Transgenic mice with targeted deletion of the ferritin heavy chain (FtH) in renal proximal tubules are more susceptible to acute kidney injury (AKI) than their wild-type littermates, according to findings just published by researchers at the University of Alabama at Birmingham, USA. “These findings underscore the importance of FtH expression in proximal tubules as a protective response during AKI,” states lead investigator Anupam Agarwal.

Injury caused by reactive oxygen species is pivotal in the development and progression of AKI, and free catalytic iron is a major generator of reactive oxygen species. Although the liver and intestines are key sites of iron homeostasis, the role of the kidney in iron metabolism is relatively unstudied. To address this shortfall, Agarwal and co-workers conditionally deleted Fth1—which encodes an intracellular protein that stores and releases iron—in renal proximal tubules, the kidney region most susceptible to damage in AKI. The researchers assessed the effects of Fth1 knockout in two models of AKI, glycerol-induced rhabdomyolysis and cisplatin nephrotoxicity.
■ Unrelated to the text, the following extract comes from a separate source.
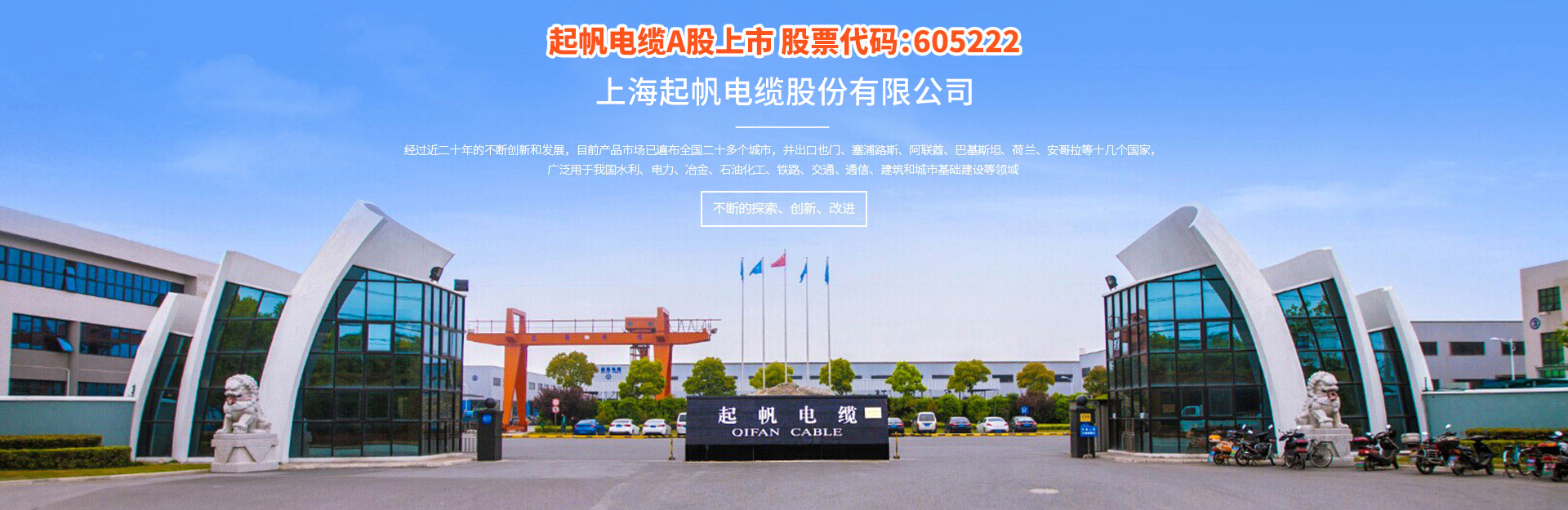 上海起帆电缆股份有限公司,公司是生产电线电缆的专业骨干企业,公司成立于1994年,经过24年的风雨历程,现已成为拥有面积350000平方米,拥有高中级技术员120多人,年生产能力近80亿人民币的规模企业。公司产品有各类高低压电力电缆,电气装备用电缆和通信电缆,主要产品规格有:聚氯乙烯电力电缆、交联氯乙烯电力电缆、低烟无卤环保型、耐火电力电缆、控制屏蔽型电缆、橡套电缆及预分支电缆等,上千种规格。

Fth1PT−/− mice with rhabdomyolysis-induced AKI displayed increased mortality, and renal outcomes were worse in both models, as shown by elevated serum creatinine levels and increased numbers of tubular casts and necrotic tubules, versus wild-type mice. Knockout of Fth1 aggravated AKI despite increased levels of heme oxygenase 1 (HO-1), a protective antioxidant protein, indicating that HO-1 is unable to provide renal protection in the absence of FtH. Levels of the iron-trafficking protein ferroportin were also markedly lower in Fth1PT−/− mice than in wild-type mice, regardless of the presence or absence of AKI, suggesting that FtH directly regulates the expression of ferroportin and, therefore, controls iron trafficking per se.

This study substantiates the deleterious effect of free iron in AKI and defines the proximal tubule as the main site of iron-induced renal injury, as well as highlighting the pivotal role of proximal tubule FtH in iron metabolism and trafficking. Agarwal adds, “Our data corroborate iron sequestration as a novel preventive and/or therapeutic modality in AKI”.